◆ **ASSIGNMENT**
Begin with the line holding "2000年代にアニメ2期まで" and end with the last line of the records below. Set down exactly those lines and leave out every picture.

[[ MATERIAL TO PROCESS, beginning ]]

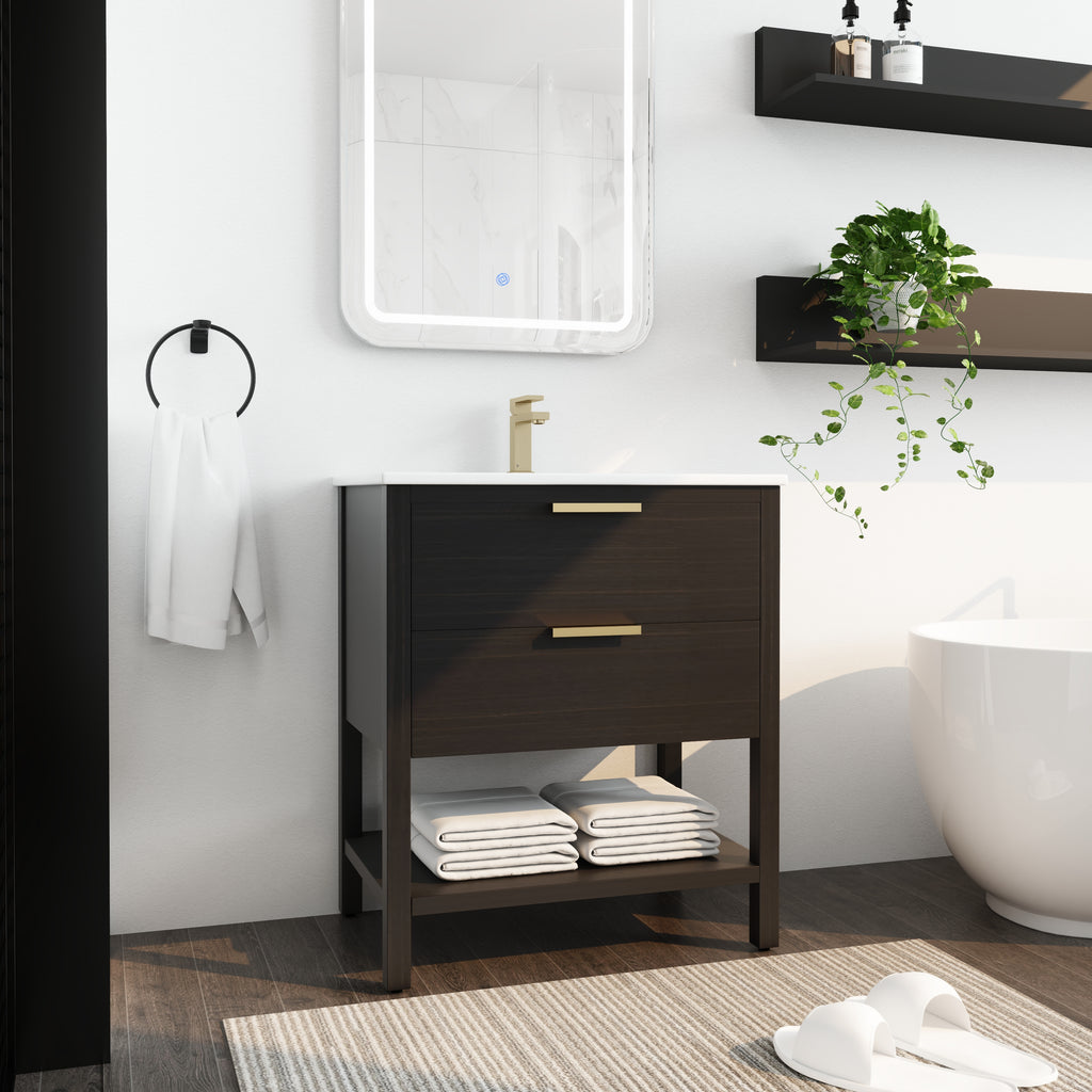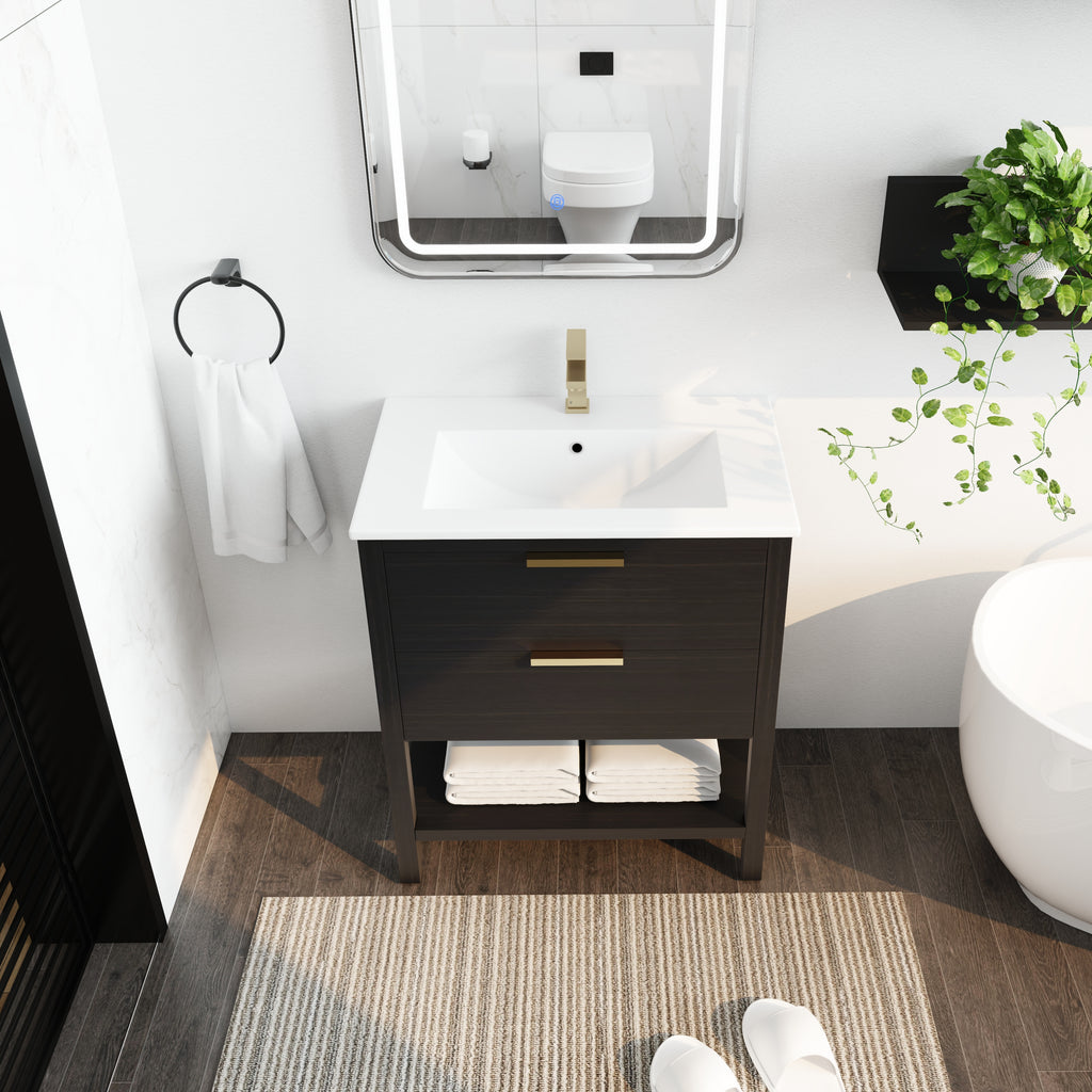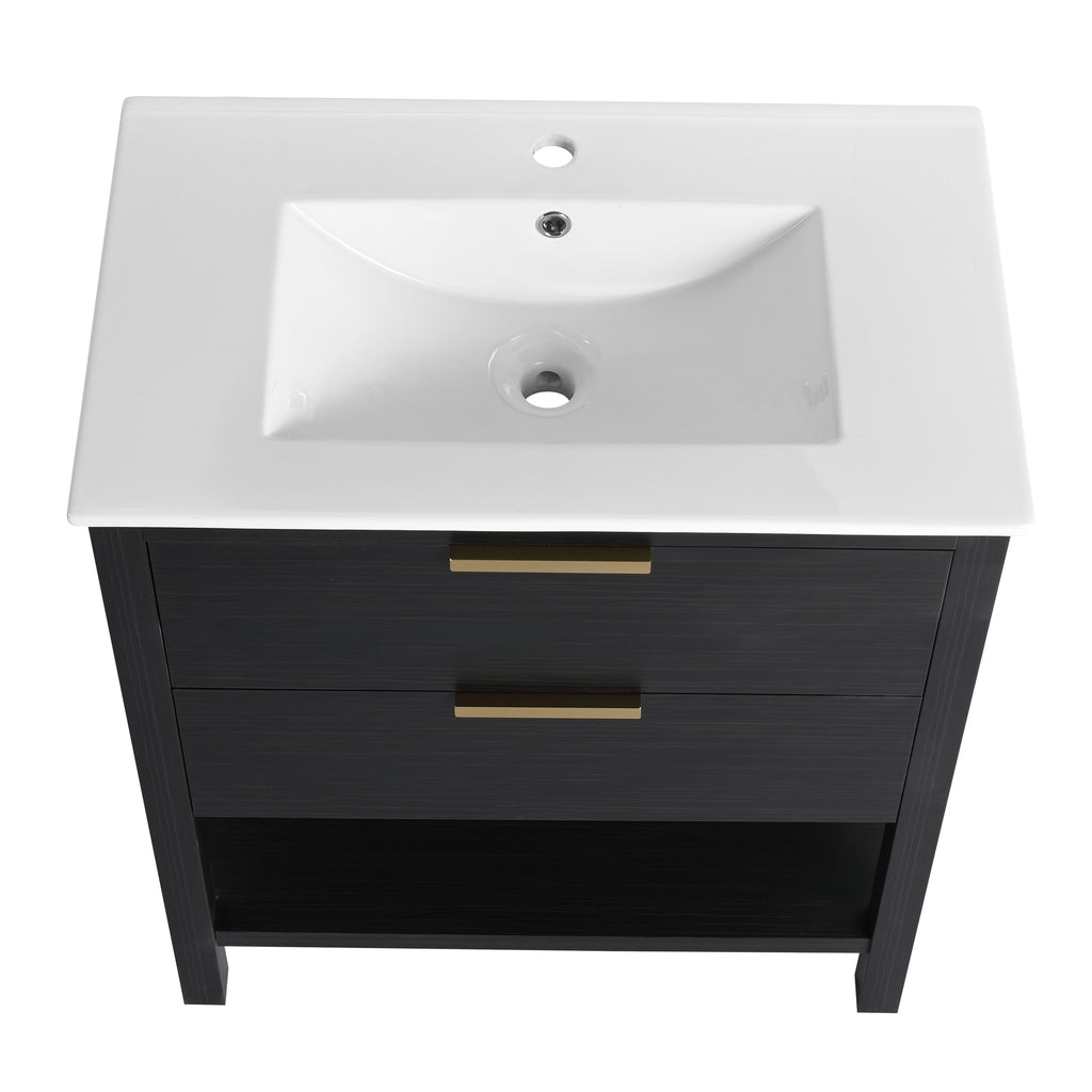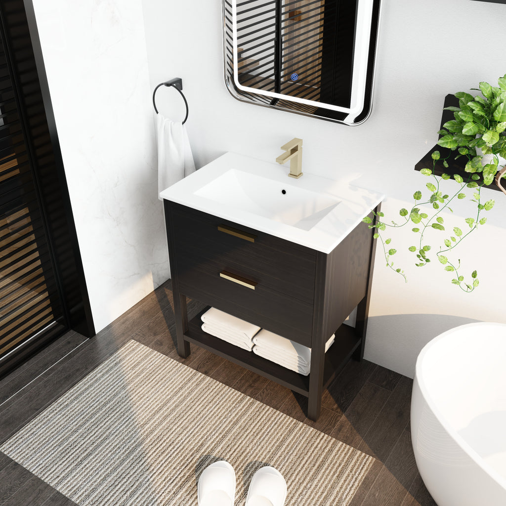 | Package includes | - 1x Vanity Cabinet; - 1x Ceramic Sink; - 1x Shelf; - 4x Wood Feet; - Parts Package |
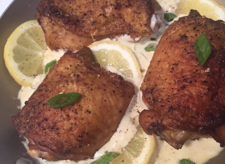 Directions: 1. Preheat oven to 375 degrees. 2. Clean chicken thighs to remove the fat from the bottom and edges. 3. Season chicken to taste using lemon pepper seasoning and/or salt, pepper, and seasoning salt. 4. Place the chicken on a cooling rack and place the cooling rack on top of a cookie sheet. (This will help the chicken crisp in the oven and not cook in it’s own juices.) Cook for 50 minutes or until brown and crispy. 5. In a skillet pan, mix in the heavy cream, chicken broth, and fresh squeezed lemons. Add seasonings to taste. 6. Cook on a medium temperature while whisking until thick. 7. Once the cream has thickened, place the chicken on top.
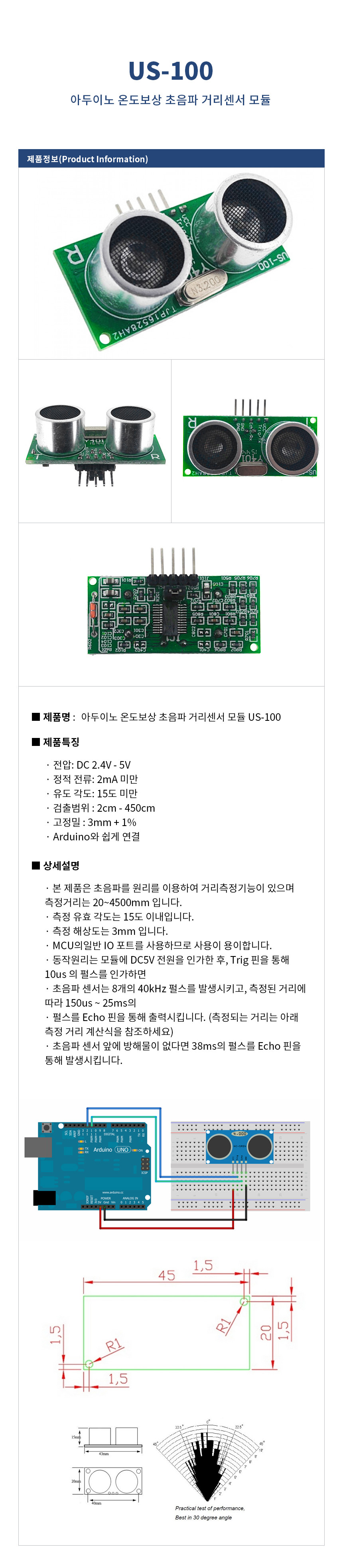 아두이노 온도보상 초음파 거리센서 모듈 US-100
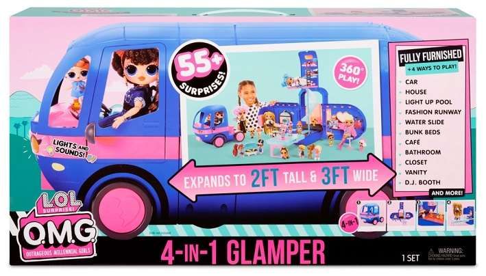 L.O.L. Surprise! Karavan 4v1 je cool auto pro tvoje L.O.L. panenky v nové elektrizující barvě. Rozbal více než 55 překvapení a více než 10 různých hracích ploch. Zadní část karavanu můžeš rozložit na více než 60 cm vysokou a 90 cm dlouhou plochu, kde si tvoje L.O.L. panenky užijí spoustu legrace. Přední část karavanu jezdí jako samostatné auto. Pozor! Světla svítí, klakson troubí. Všechny doplňky je možné po hraní uložit do karavanu. Obsah balení: 1 Karavan 4v1 (karavan, pojízdná kabina, přehlídkové molo, podsvětlený bazén) více než 55 překvapení Karavan je vhodný pro celou kolekci L.O.L. Surprise! včetně OMG Velké ségry. Na baterie: 6x AAA (jsou součástí balení)
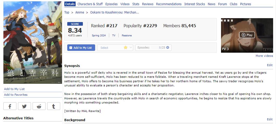 2000年代にアニメ2期まで放送された狼と香辛料の新作リメイクが4月1日に放送された。
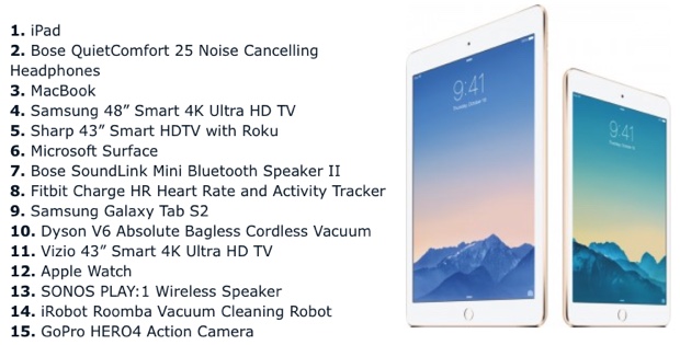 Gli statunitensi si preparano per le festività, così non può mancare una ricerca di mercato sui regali di Natale tecnologici più desiderati. Come succede ormai da diversi anni a questa parte i prodotti Apple hanno un ruolo di primo piano, a cominciare da iPad che al primo posto domina l’elenco compilato da Best Buy, principale catena USA per gli acquisti tecnologici. Al secondo posto troviamo le nuove cuffie Bose QuietComfort 25 con cancellazione del rumore, mentre al terzo posto un altro prodotto Apple: MacBook.
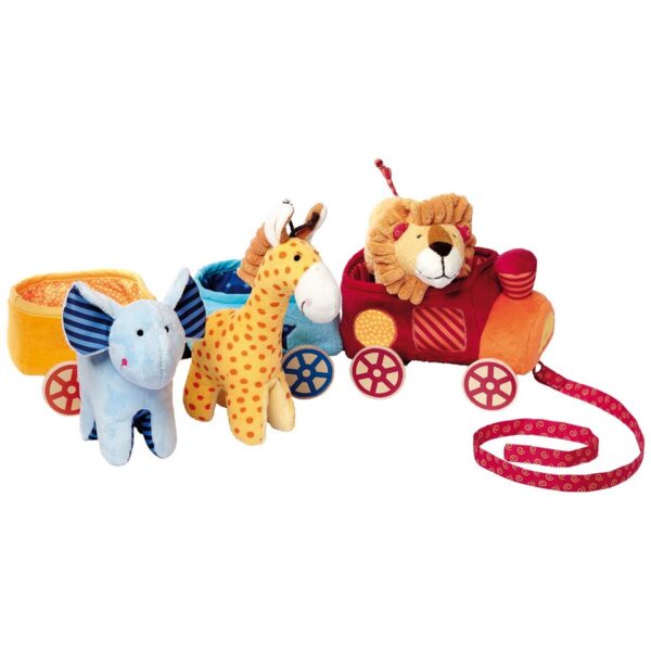 Traina gli animali sul morbido trenino! Animali e vagoni realizzati in soffice cotone; le ruote si possono facilmente staccare per permetterne il lavaggio. (3m+)
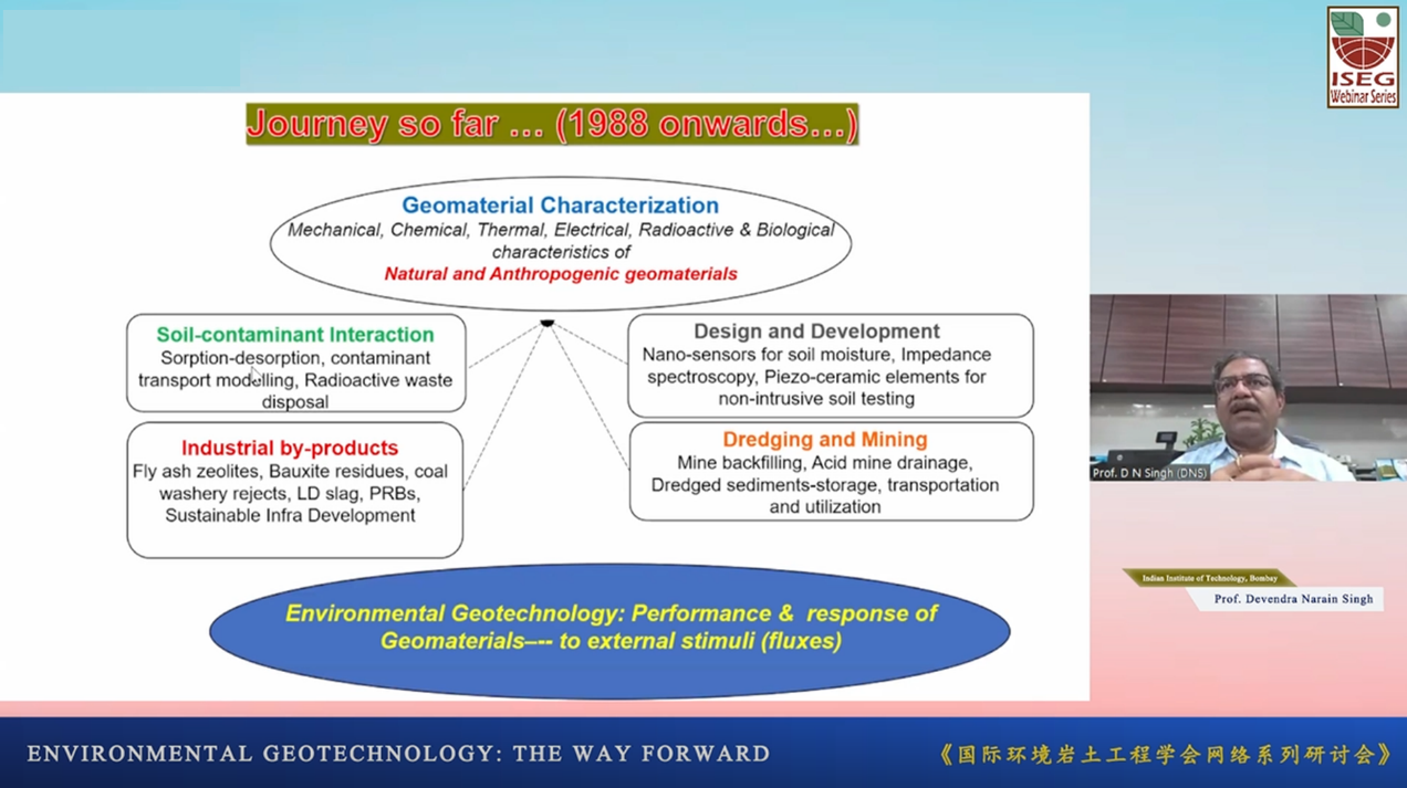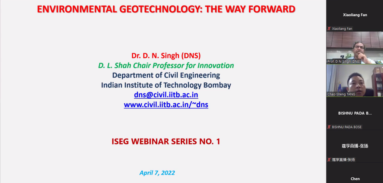 2022年4月7日,由pg电子官网承办的国际环境岩土工程学会(ISEG)网络系列研讨会顺利启动。研讨会首期嘉宾为印度国家工程院院士、Environmental Geotechnics期刊主编D.N. Singh教授。ISEG主席pg电子官网施斌教授、ISEG秘书长pg电子官网唐朝生教授、ISEG副主席、理事等国内外近400人参加了此次会议。
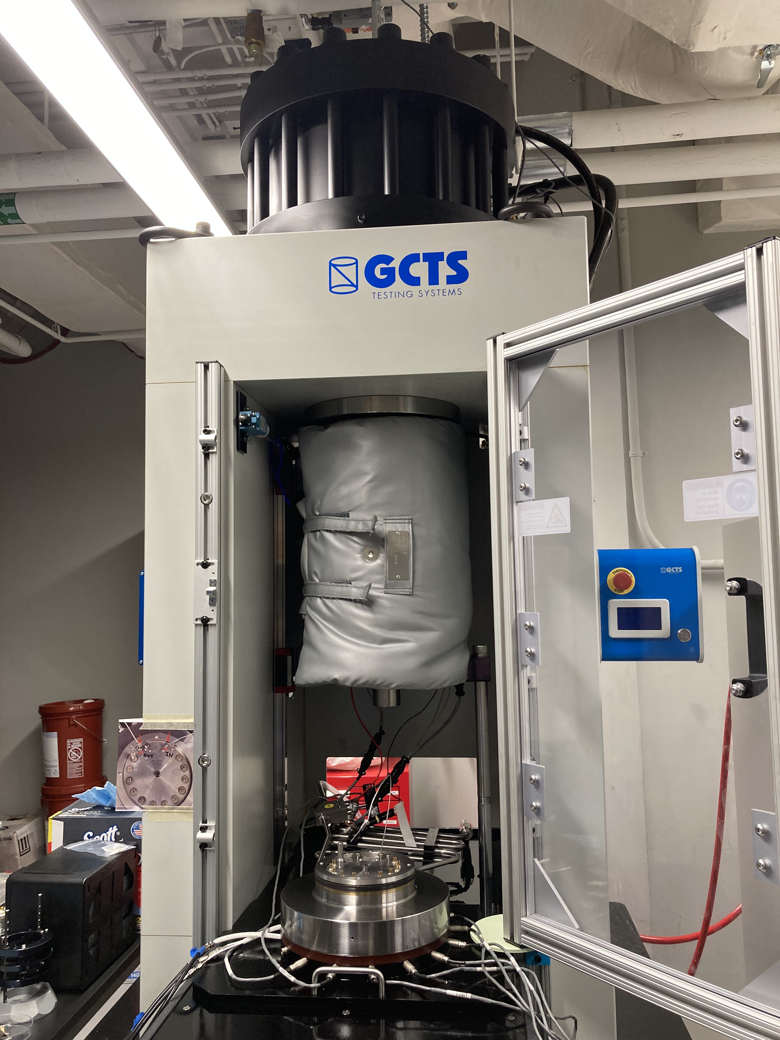 A hydraulic-driven, servo-controlled triaxial apparatus produced by GCTS. The apparatus is externally-heated and uses silicone oil as the confining medium. It has a two-sided pore-pressure system, which allows for independent control of pore fluid pressures and/or volumes on each side of the sample. We can switch between multiple internal load cells to maximize the sensitivity of load readings. The apparatus includes integrated digital signal conditioning and data collection and apparatus control use state-of-the-art CATS software provided by GCTS.
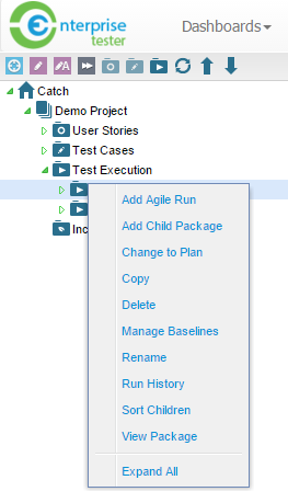 Alternatively, select an Execution folder and right click, select Agile Run.
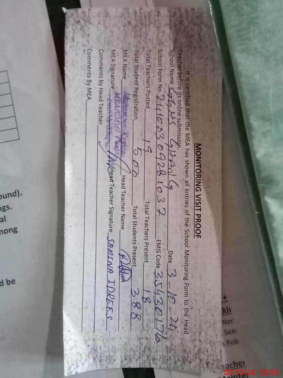 | Certified that this School was Inspected by the Undersigned MEA/DMO Today and the Information Stated Above is as Per Record. | |||||

[[ MATERIAL TO PROCESS, end ]]

◆ **PROBLEM SOLUTION**
 2000年代にアニメ2期まで放送された狼と香辛料の新作リメイクが4月1日に放送された。
 Gli statunitensi si preparano per le festività, così non può mancare una ricerca di mercato sui regali di Natale tecnologici più desiderati. Come succede ormai da diversi anni a questa parte i prodotti Apple hanno un ruolo di primo piano, a cominciare da iPad che al primo posto domina l’elenco compilato da Best Buy, principale catena USA per gli acquisti tecnologici. Al secondo posto troviamo le nuove cuffie Bose QuietComfort 25 con cancellazione del rumore, mentre al terzo posto un altro prodotto Apple: MacBook.
 Traina gli animali sul morbido trenino! Animali e vagoni realizzati in soffice cotone; le ruote si possono facilmente staccare per permetterne il lavaggio. (3m+)
 2022年4月7日,由pg电子官网承办的国际环境岩土工程学会(ISEG)网络系列研讨会顺利启动。研讨会首期嘉宾为印度国家工程院院士、Environmental Geotechnics期刊主编D.N. Singh教授。ISEG主席pg电子官网施斌教授、ISEG秘书长pg电子官网唐朝生教授、ISEG副主席、理事等国内外近400人参加了此次会议。
 A hydraulic-driven, servo-controlled triaxial apparatus produced by GCTS. The apparatus is externally-heated and uses silicone oil as the confining medium. It has a two-sided pore-pressure system, which allows for independent control of pore fluid pressures and/or volumes on each side of the sample. We can switch between multiple internal load cells to maximize the sensitivity of load readings. The apparatus includes integrated digital signal conditioning and data collection and apparatus control use state-of-the-art CATS software provided by GCTS.
 Alternatively, select an Execution folder and right click, select Agile Run.
 | Certified that this School was Inspected by the Undersigned MEA/DMO Today and the Information Stated Above is as Per Record. | |||||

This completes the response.